Где-то внутри я знал, что он позвал меня из-за другой фразы, но так не хотелось говорить об этом. Он сложил ладони на коленях и улыбался — как всегда.
— Буря, плот, не доживу, — я выдохнул, — что-то из этого.
— О, прекрасно, что ты решил не ходить вокруг, — он оживился и зашуршал бумагой. — Знаешь, я обожаю твои метафоры! Они всегда необычны и очень информативны. Но придумать сравнение про бурю и плот… Ты действительно считаешь, что твоя жизнь — это нахождение на плоту в бурю?
— Да, — я даже разозлился, — и вы это знаете лучше всех.
— Нет, подожди, Тёма, ты не прав. Я ничего подобного не знаю, хотя мне бы очень хотелось, — он легонько хлопнул ладонью, привлекая моё внимание, — и я не шучу. Правда, мне бы очень хотелось узнать. Расскажешь?
Я не знал, что ответить, но дядя Ваня встал и сел рядом, держа в руках до боли знакомую тетрадку. С моими старыми, ужасными стихами. В голове застучало, и, как бы я ни старался, лицо искривилось — я узнал тетрадку.
— Ты не первый раз говоришь о воде. Вот, я напомню, в двенадцать лет: «… Я дрейфую на волнах, всё ожидая вала. Нет страха: штиль — промёрзлой болью…» И завершение стихотворения очень характерное: «Во сне, где выхода мне нет, я жду, когда же волны заберут; они шумят, они ласкают, они мне кожу раздирают». Я хочу с тобой честно и открыто поговорить. Готов?
— Я никогда не буду готов, — я дёрнул ногой и скрестил руки, — чего именно вы хотите от меня?
— Честного разговора, Тёма. Я переживаю за тебя, ты это отлично знаешь.
Почему-то мне захотелось посмотреть на него, увидеть его эмоции и, может быть, поверить. Он правда был взволнован, и мне стало стыдно, что я в который раз доставляю взрослым проблемы.
— Я не думаю, что выживу, но я не хочу ничего с собой делать, — я сглотнул и отвернулся, — просто эта жизнь…
— Кхм, что эта жизнь?
— Плохая! — кинул я и сжался сильнее.
— А что такое хорошая жизнь?
Меня этот вопрос словно вихрем вынес из моего состояния и оставил в полной дезориентации.
— Откуда мне знать? — я повернулся к нему. — Вот когда папа не руки тебе ломает, а обнимает!

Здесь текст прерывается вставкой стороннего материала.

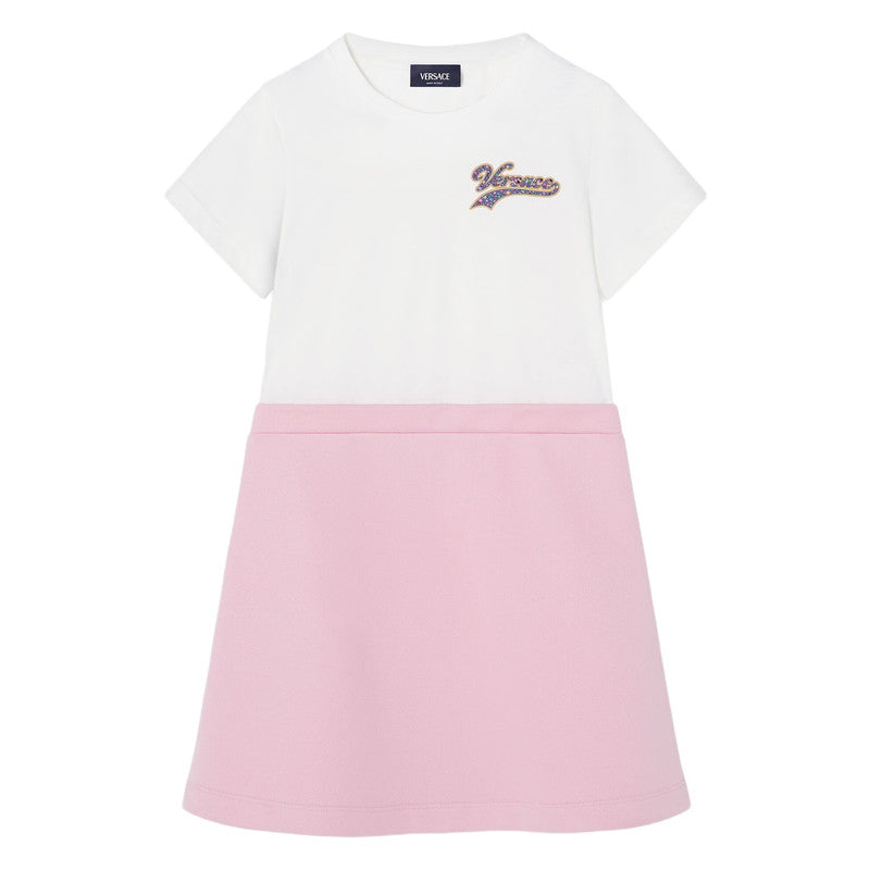 Versace White & Pink Campus Logo Graphic T-Shirt Dress
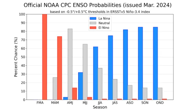 美国国家海洋和大气管理局(NOAA)数据显示,2024年4月至6月厄尔尼诺向ENSO中性过渡,ENSO中性预计持续到2024年5月至7月,6月至8月拉尼娜发生的概率较大。在拉尼娜背景下,美国大豆生长季容易出现高温少雨情况,而二季度美豆估值整体偏低,预计2024年三季度美豆天气升水交易在所难免,这也将从成本端带动我国豆粕价格走高。
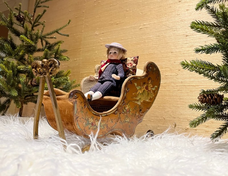 Winter’s Charm ~ Though the white and drifted snow, Victorian toy doll and sleigh make their way through the halls of the Florence Griswold Museum, Old Lyme, CT • Photo and “Magical Fun” haiku poem by Mary O’Connor

Или когда спать укладывает и целует, а не берёт провод и бьёт!
— Ох, вот можно, — он опять открыл тетрадь. —
«Но мне в моей пустыне,
где нет дорог и стёрты ориентиры,
где нет тебя и нет квартиры,
так больно слышать мне о „сыне“.
Как поздно ночью их укладывал отец,
а мне давал ты боль за болью,
я ведь всего лишь человек,
но посыпал ты раны солью».
Знакомо?
— Мои сопли, и что? — я разозлился. — Зачем вы это читаете?

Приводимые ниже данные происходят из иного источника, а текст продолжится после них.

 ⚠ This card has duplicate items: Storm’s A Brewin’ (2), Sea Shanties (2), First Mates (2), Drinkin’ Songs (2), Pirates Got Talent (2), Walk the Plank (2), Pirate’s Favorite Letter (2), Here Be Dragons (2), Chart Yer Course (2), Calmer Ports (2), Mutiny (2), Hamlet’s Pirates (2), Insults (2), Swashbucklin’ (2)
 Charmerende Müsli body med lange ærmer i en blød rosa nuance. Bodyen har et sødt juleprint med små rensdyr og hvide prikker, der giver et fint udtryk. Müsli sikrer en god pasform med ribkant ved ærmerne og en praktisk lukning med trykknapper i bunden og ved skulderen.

— Это не сопли, как ты выразился, — он закрыл тетрадь, — это, если угодно, карта души. И, что важнее всего, здесь ты сам себе ответил, что такое хорошая жизнь, разве нет?

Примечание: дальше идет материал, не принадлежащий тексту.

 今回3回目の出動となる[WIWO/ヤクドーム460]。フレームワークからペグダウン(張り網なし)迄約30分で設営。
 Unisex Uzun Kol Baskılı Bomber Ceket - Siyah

Я нервно хихикнул и уставился на него, замерев.
— Не понял. Типа чтобы меня не били и любили?
Я опустил голову, уставившись на кожаный край кушетки.
— Всё равно, — я выдохнул и опять отвернулся, — это глупо, я не знаю, как это.
— Но воспитатели у…
— Они работают, — оборвал я, — а не любят. Или вы думаете, мы этого не чувствуем? Это вы, — я повернулся к нему, — вы такой вот неправильный взрослый.
— Неправильный?
— Ну, вы правда любите, — мне почему-то стало стыдно, и захотелось отвернуться к окну, — заботитесь о нас, ходите, запоминаете, читаете вот эту чушь.
— И чего здесь неправильного? — он приподнял брови и не отводил от меня взгляда.
— Вы один такой, — я пожал плечами, — ну, среди всех. Значит, вы неправильный.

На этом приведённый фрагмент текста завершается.